Most likely thing here, based on where and how it's crashing, is some kind of native heap corruption. Either in the app, okhttp or the version of Conscrypt shipping as a Mainline module .

That module is identical across Android 11 through 14, so if you're only seeing crashes on 13 then again it points to heap corruption as the native allocator changed between 12 and 13.

If you can consistently reproduce this, and are willing to share the code, then the best way forward is to open an Android bug at https://issuetracker.google.com/issues/new?component=190923&template=841312 and then we can try and debug it.

This issue is happening both on Android 12 and 13 devices. Does not seem to be related to changes in native heap allocator.
Since this is a segmentation fault, there can be one of the 3 possibilities : The crash could happen while

  • accessing an out-of-bound memory location
  • accessing invalid memory
  • writing to a read-only memory.
  • Do you have any idea if the library is getting into some bad state during a network call?

    Where can we see the conscrypt releases? This issue started happening from March 2023. Can we debug this better?

    I am not able to get a repro locally though.

    @prbprbprb

    Since this is a segmentation fault, there can be one of the 3 possibilities : The crash could happen while
    accessing an out-of-bound memory location
    accessing invalid memory

    Right, but the root cause of that could be any kind of heap corruption. bssl::ssl_cert_dup() is following the native pointers in various objects, so if they get corrupted then it can easily be trying to access invalid memory locations.

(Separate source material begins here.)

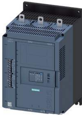
SIRIUS soft starter 200-600 V 171 A, 110-250 V AC Screw terminals Thermistor input
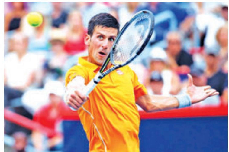
Aug 15, 2015; Montreal, Quebec, Canada; Novak Djokovic of Serbia hits a shot against Jeremy Chardy of France (not pictured) during the Rogers Cup tennis tournament at Uniprix Stadium.

Djokovic got the only break of the second set in the fifth game and then held serve as Chardy again left the court without taking a set from the Serb. It was a welcome low-stress match for the Serbian, who was pushed the brink of elimination in his Friday quarter-final, during which he survived two match points to beat 87th-ranked Latvian Ernests Gulbis. In the late semi-final, Nishikori appeared to be fatigued in the second set as Murray won 12 of the final 13 points.—Reuters

    Typically that happens if there is a concurrency bug between threads, or a native pointer gets re-used after its memory has been freed.

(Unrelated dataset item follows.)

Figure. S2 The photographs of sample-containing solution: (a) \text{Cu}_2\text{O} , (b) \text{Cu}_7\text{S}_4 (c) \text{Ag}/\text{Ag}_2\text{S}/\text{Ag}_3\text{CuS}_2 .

    The same platform version of Conscrypt runs on Android 11 through 14, so the fact you're only seeing crashes on 12 and 13 is unexpected.

    The fact that it the issue started in March makes me think some other component is corrupting the heap, as we didn't ship any Conscrypt changes in February or March.

    However the fact it's consistently crashing in SSL_New() makes me think it may be a Conscrypt bug after all.

    Can we debug this better?

    Without any kind of repro steps it's going to be very difficult.

    Thanks for responding.
    Is there any way to change the conscrypt version or upgrade to the latest and ship it?

    Is there any other way we could debug this? Any thoughts?

    There is one change that is specific to Android 13. There was a change in the garbage collection algorithm. Could this be causing it?

    But we also observed huge volumes of this crash in Android 12 as well.

    @prbprbprb
    One new observation is that the total duration of garbage collection - art.gc.gc-time that we fetch from the Debug.getRuntimeStat class is very high just before the crash happens.

    Could this crash be a manifestation of OOMs in native heap?

    Thanks for the update! I believe the userfaultd GC is active on (at least some) Android 12 devices now, so what you're seeing does suggest it's related to low memory conditions and aggressive GCing.

    What's interesting is that ssl_cert_dup() is consistently failing when copying a certificate from an SSLSessionContext object which might be shared across many TLS connections. And what I missed until just now is that AbstractSessionContext manages its own native pointer . The pattern we use everywhere else in Conscrypt it to wrap the pointer in a NativeRef subclass, and then when calling JNI code we pass in the NativeRef object as an Object (as well as the pointer) in order to prevent premature finalization while running in native code. In this case, it's actually the AbstractSessionContext that gets passed in , which ought to be sufficient to keep the context object alive and prevent its finalizer from running. Maybe I'm missing something there though... I shall ask some ART folk.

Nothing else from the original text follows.